DATA RECORDS.
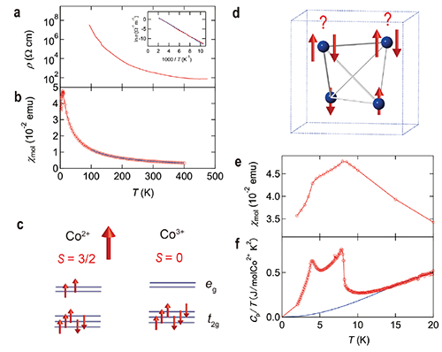 图3:PbCoO3温度依赖的(a)电阻以及(b)磁化率;(c)高自旋Co2+与低自旋Co3+离子自旋态示意图;(d)磁性离子Co2+构成四面体几何阻挫示意图;低温下PbCoO3的(e)磁化率与(f)比热,表明该体系经历了两个长程反铁磁相变。
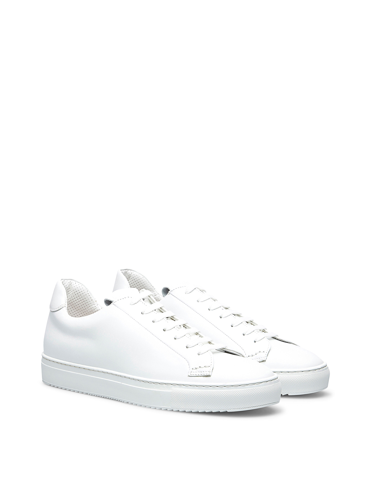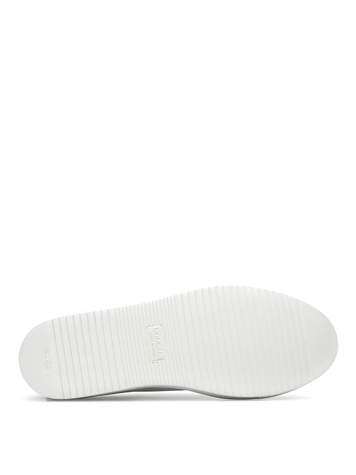 レザーアッパー、スポンジレース、ラバーソールをあしらったロートップスニーカー。
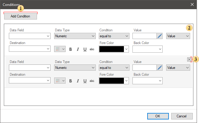 For each new condition, you should specify the parameters of its application and design settings. Design settings will be applied to the cells of the pivot table, if the condition will be executed.
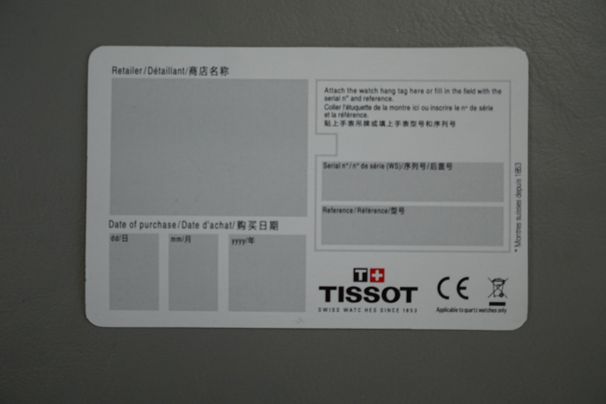 Warranty card: Blank
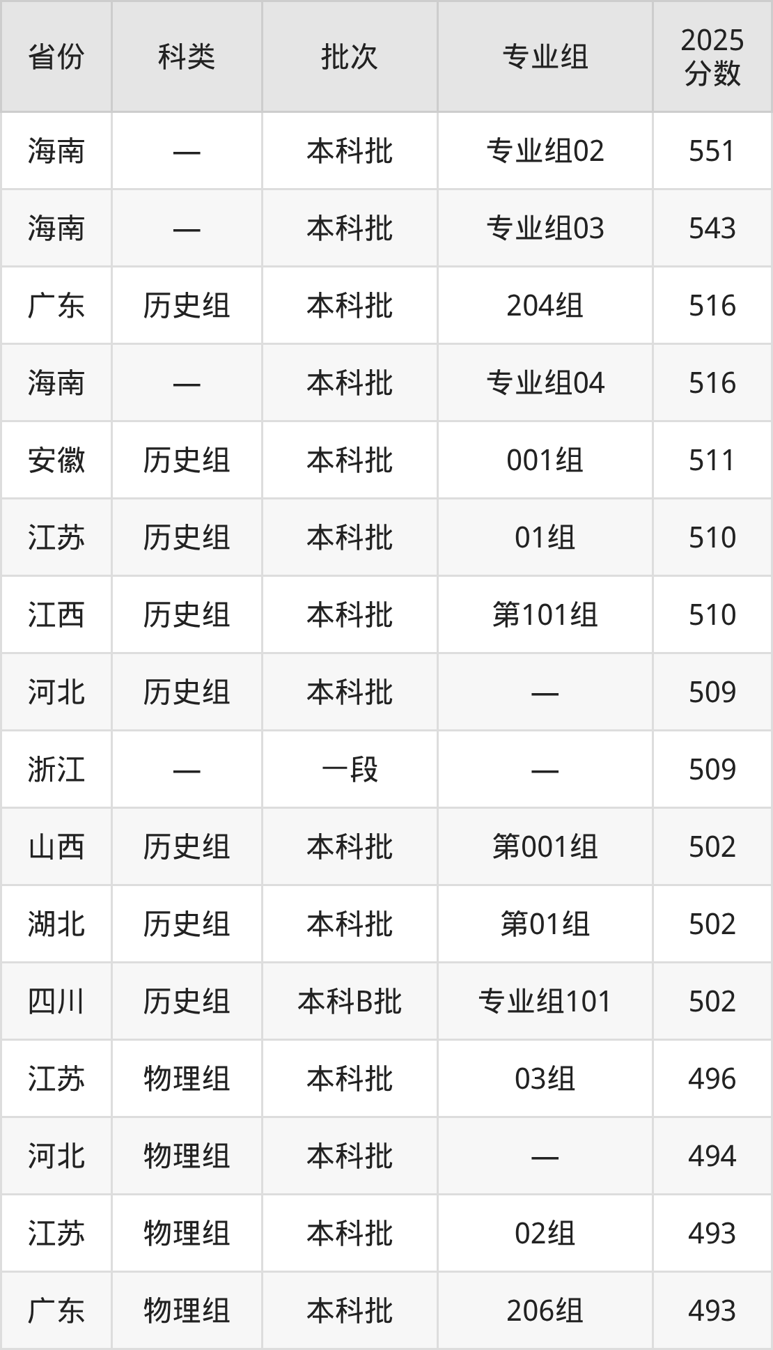 而海南地区考生的分数门槛最高,2025年南昌大学科学技术学院专业组02在海南招生最低分为551分,考生至少要超本科线71分才有可能被录取。
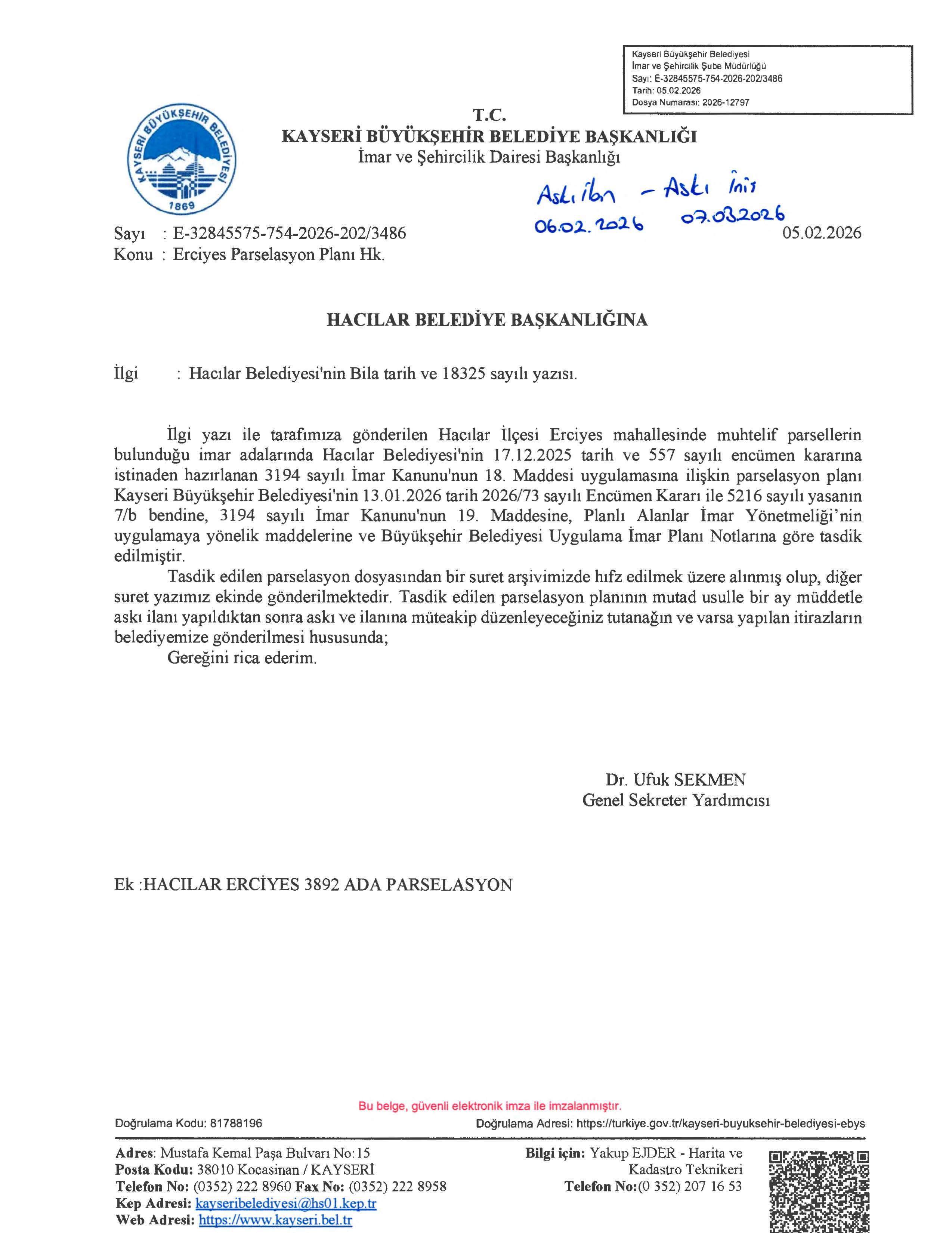 İLÇEMİZ ERCİYES MAH. 3194/18. MADDE UYGULAMASI YAPILMASI HAKKINDA DUYURU
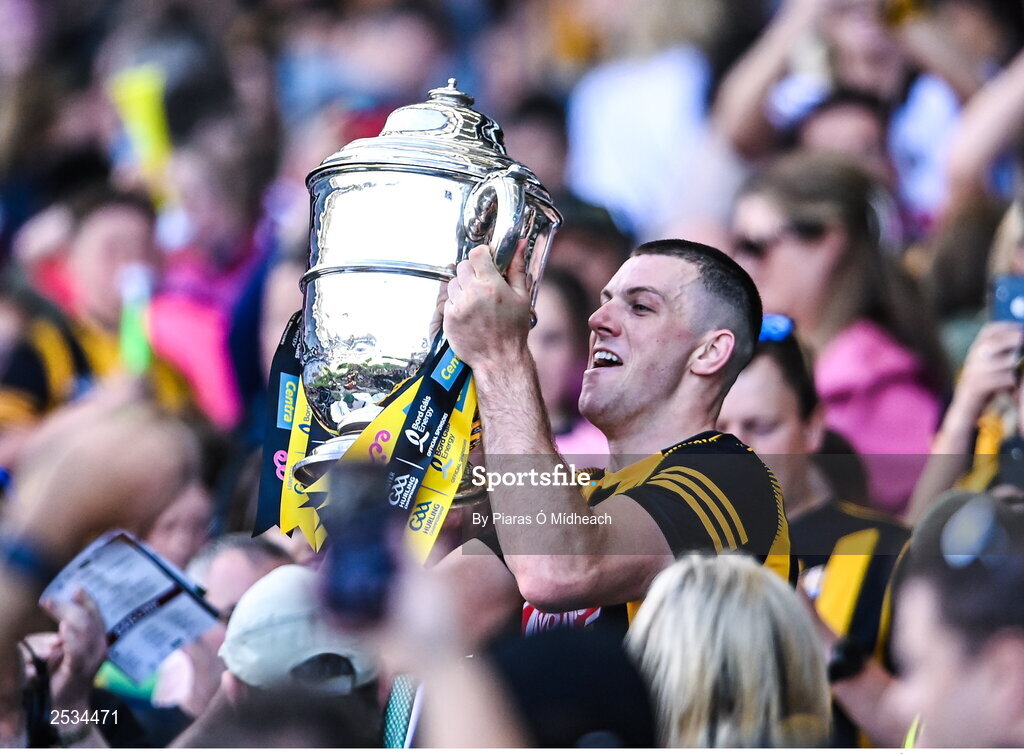 11 June 2023; Kilkenny captain Eoin Cody lifts the Bob O'Keeffe Cup after his side's victory in the Leinster GAA Hurling GAA Championship Final match between Kilkenny and Galway at Croke Park in Dublin. Photo by Piaras Ó Mídheach/Sportsfile
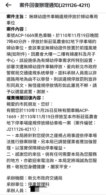 → ccc101419 : 第二次申訴市長信箱已經是新北市交通局停管科回復 10/03 19:06
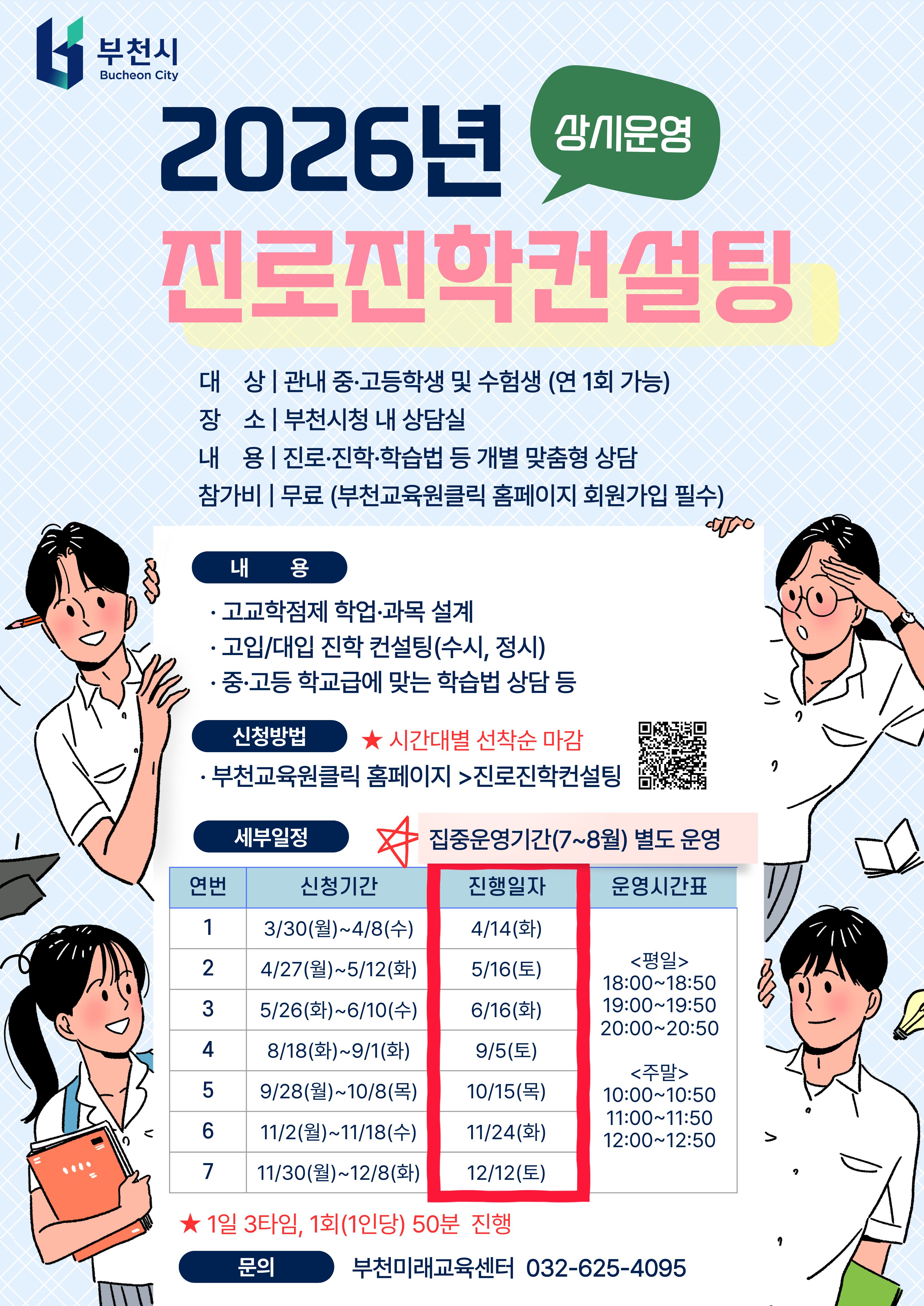 Âü¿© ´ë»óÀº ºÎõ½Ã ¼ÒÀç Áß°íµîÇлý°ú ¼öÇè»ýÀ̸ç, ¿¬ 1ȸ ½ÅûÇÒ ¼ö ÀÖ´Ù. 4¿ù 14ÀÏ Ã¹ »ó´ã Âü¿©¸¦ Èñ¸ÁÇÏ´Â ½Ã¹ÎÀº 3¿ù 30ÀϺÎÅÍ 4¿ù 8ÀϱîÁö ¡®ºÎõ±³À°¿øÅ¬¸¯¡¯ ȨÆäÀÌÁö¸¦ ÅëÇØ ¿Â¶óÀÎÀ¸·Î ½ÅûÇÏ¸é µÈ´Ù.
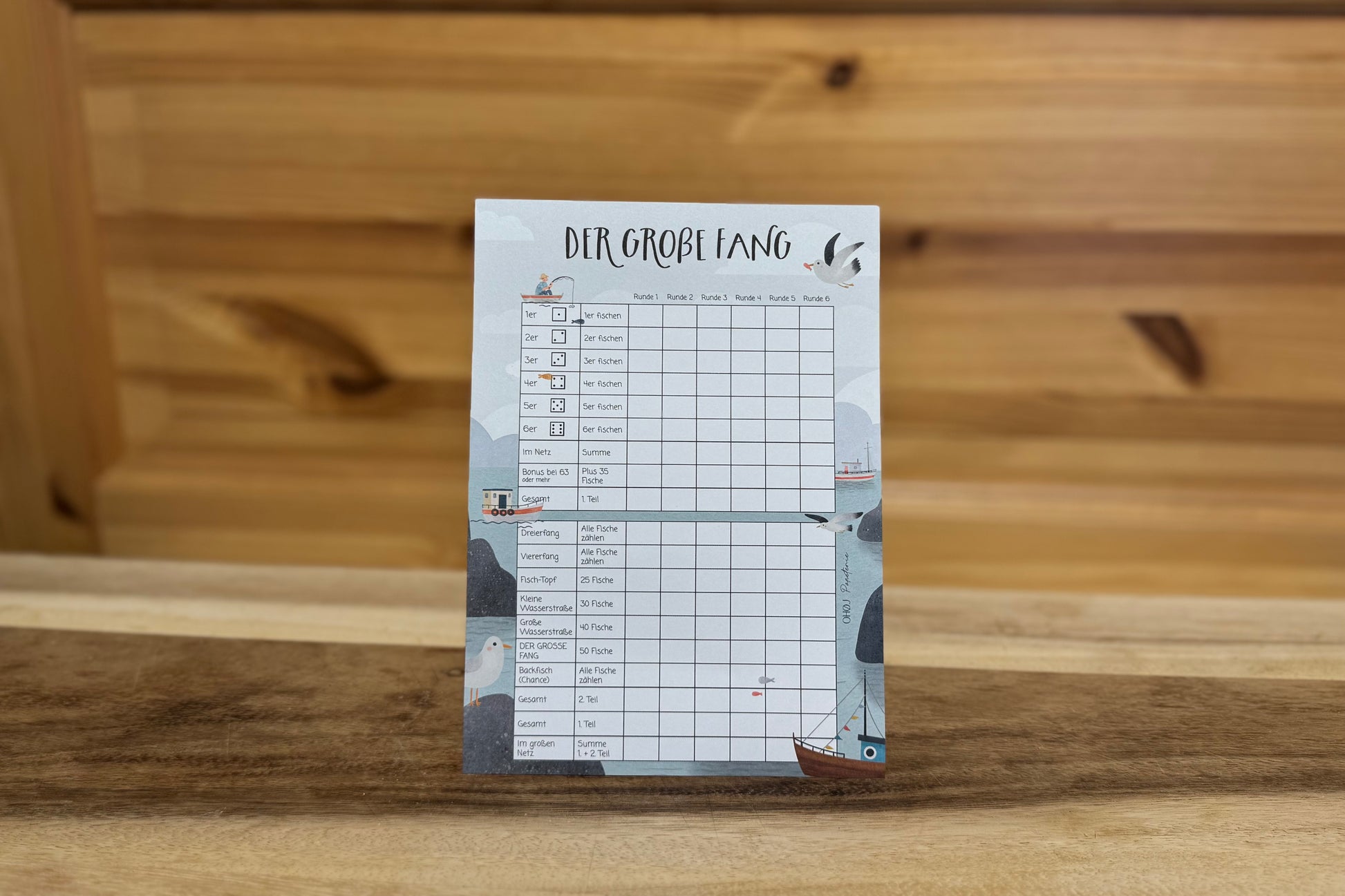 - Den Spielblock mit den Fangtabellen
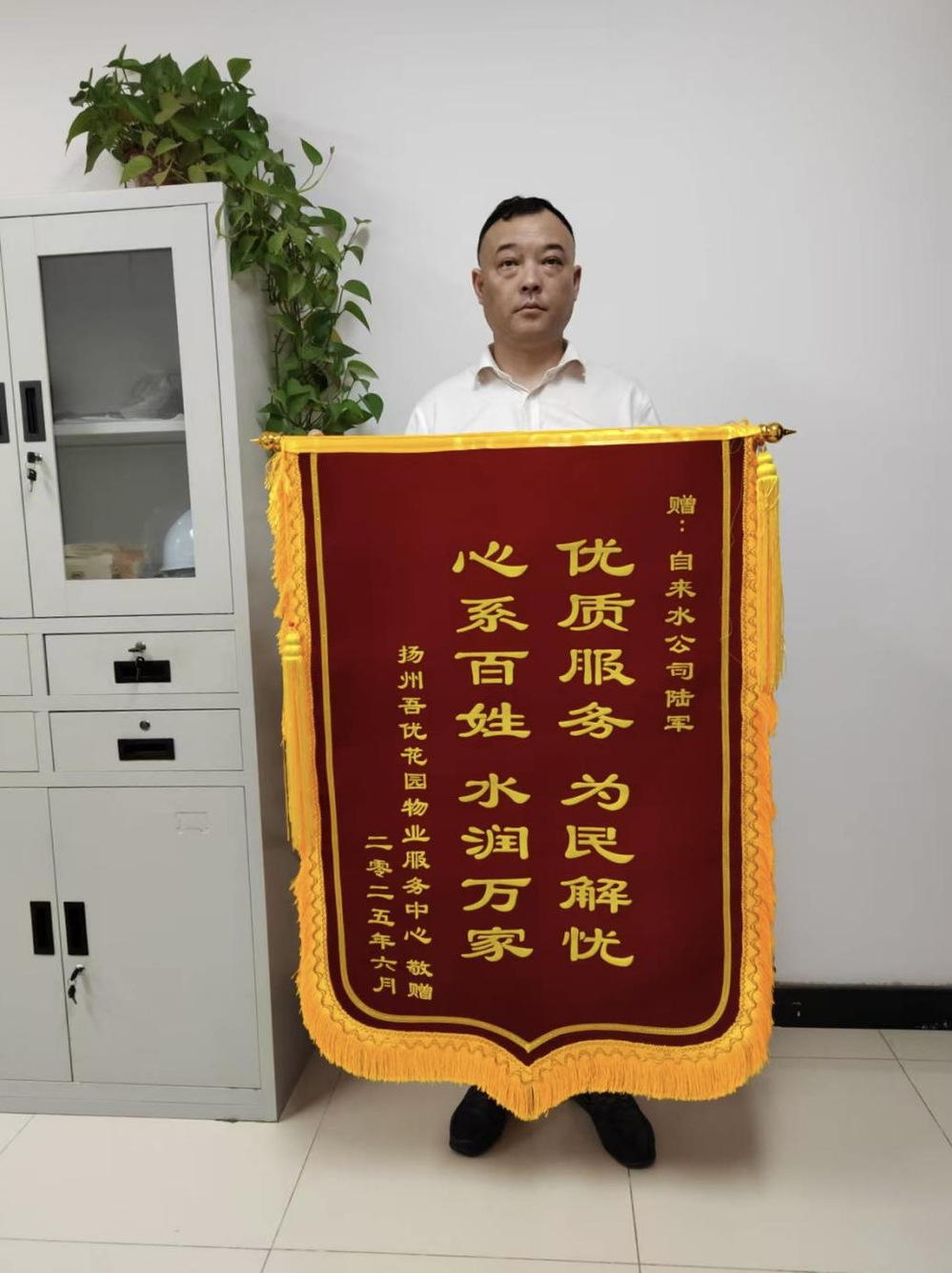 2025年6月13日下午,長江水務(wù)營業(yè)所稽查科迎來一位特殊訪客——吾優(yōu)花園小區(qū)物業(yè)人員。他們?yōu)榛榭瓢嚅L陸軍送來錦旗,致謝其心系用戶、為民解憂的實干精神。

HOW TO COMPLETE THIS TASK. Only the lines from the one containing "ÅëÇØ ¿Â¶óÀÎÀ¸·Î ½ÅûÇÏ¸é µÈ´Ù." through the last line of the entries, both included, should be repeated exactly, and the pictures should be left out.

RESULT OF THE EXERCISE.
 Âü¿© ´ë»óÀº ºÎõ½Ã ¼ÒÀç Áß°íµîÇлý°ú ¼öÇè»ýÀ̸ç, ¿¬ 1ȸ ½ÅûÇÒ ¼ö ÀÖ´Ù. 4¿ù 14ÀÏ Ã¹ »ó´ã Âü¿©¸¦ Èñ¸ÁÇÏ´Â ½Ã¹ÎÀº 3¿ù 30ÀϺÎÅÍ 4¿ù 8ÀϱîÁö ¡®ºÎõ±³À°¿øÅ¬¸¯¡¯ ȨÆäÀÌÁö¸¦ ÅëÇØ ¿Â¶óÀÎÀ¸·Î ½ÅûÇÏ¸é µÈ´Ù.
 - Den Spielblock mit den Fangtabellen
 2025年6月13日下午,長江水務(wù)營業(yè)所稽查科迎來一位特殊訪客——吾優(yōu)花園小區(qū)物業(yè)人員。他們?yōu)榛榭瓢嚅L陸軍送來錦旗,致謝其心系用戶、為民解憂的實干精神。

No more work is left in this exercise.